Старик трудно дышал. Расстегнув ворот рубахи, сунул руку к сердцу. За грудиной скребло, тискало, давило, и на лбу старика выступила испарина.
– Аль худо, батюшка?
– Молчи. Подживи огонь. Шибче.
Меланья подбросила в огонь сушняка. Старик закрыл ладонью бороду, подставляя грудь теплу. Так вот что его мучило три недели сряду – ни сна, ни покоя. Как ночь, так к нему являлся Тимофей. И они начинали спорить, доказывая каждый свою правду-матку. Тимофей – безбожную, отец – тополевую, филаретовскую. А тут как-то во сне…

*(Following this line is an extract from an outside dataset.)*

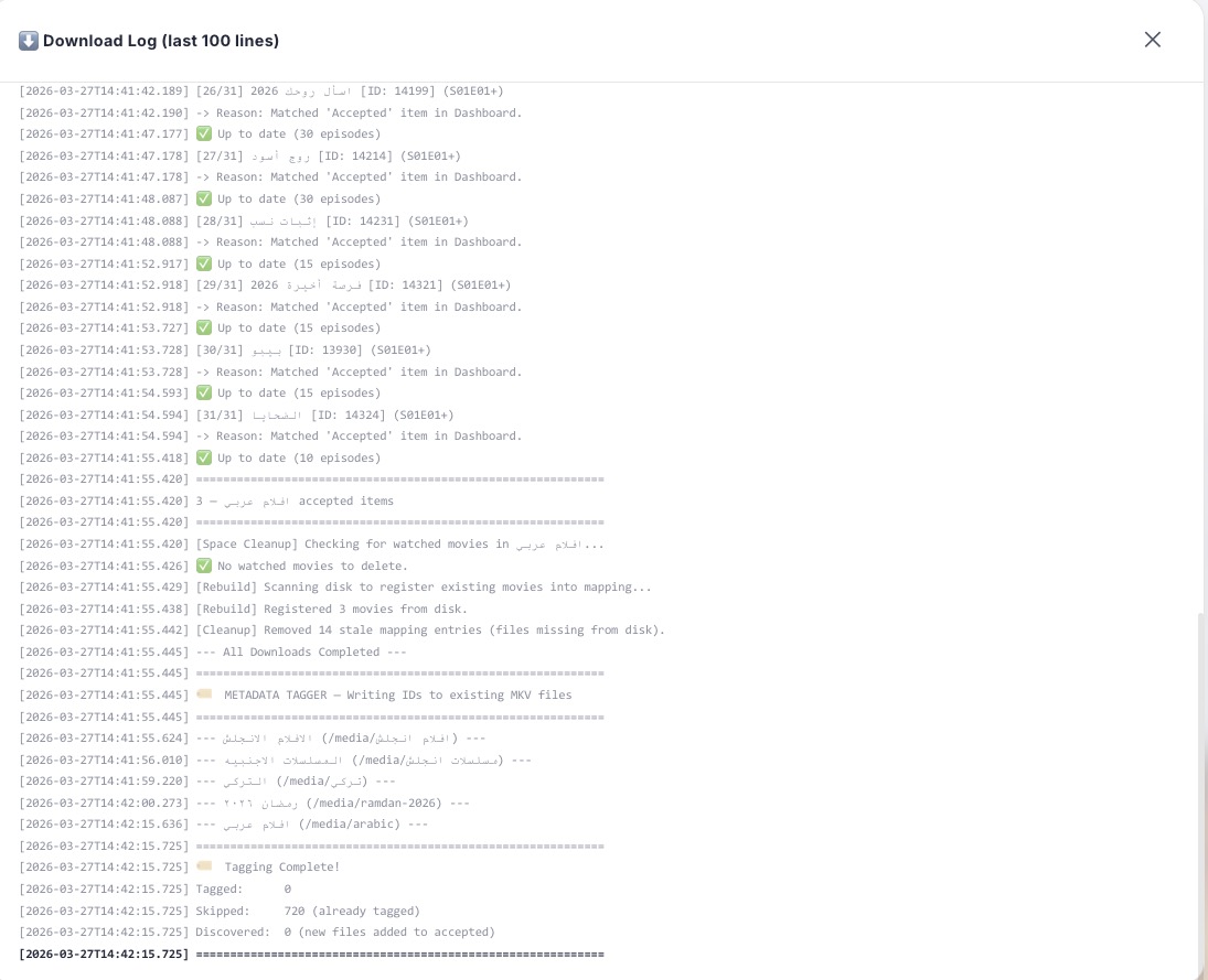- Future date refresh supports Accepted, VOD, Watchlist, and Plex reclaim safety.

– Вроде сон был али виденье, – бормотал старик. – Вижу, как теперь тебя, Тимофей в рубище пришел ко мне, а – молчит, молчит. Потом заржал Гнедко – с жеребцом схватился, и я вылез из стана. А жеребец-то будто и не жеребец, облик человека вижу. Спужался. К чему бы так, думаю. А голос изнутри: «Се твой сын, Тимофей Прокопьевич, праведник, и знать ему дано». До сей поры в толк не могу взять, что и к чему примерещилось. Праведником назван, и все, дескать, дано знать ему.
Меланья почтительно помалкивала.
– Побудешь на покосе дня три, а я полежу дома, – сказал старик, что-то обдумывая. – Сила не та, чтоб вровень с поселенцами пластаться с литовкой, а сам себя удержать не могу. Хомут завсегда на шее – тащить надо воз, хоша и гуж не дюж. Ежли чуть развёдрится – грести надо, копны ставить и стога метать. Ох-хо-хо! Ночами мучаюсь – сна лишился. И так кидаю мыслю, и эдак, а исхода не видно. Какая она жисть будет дальше?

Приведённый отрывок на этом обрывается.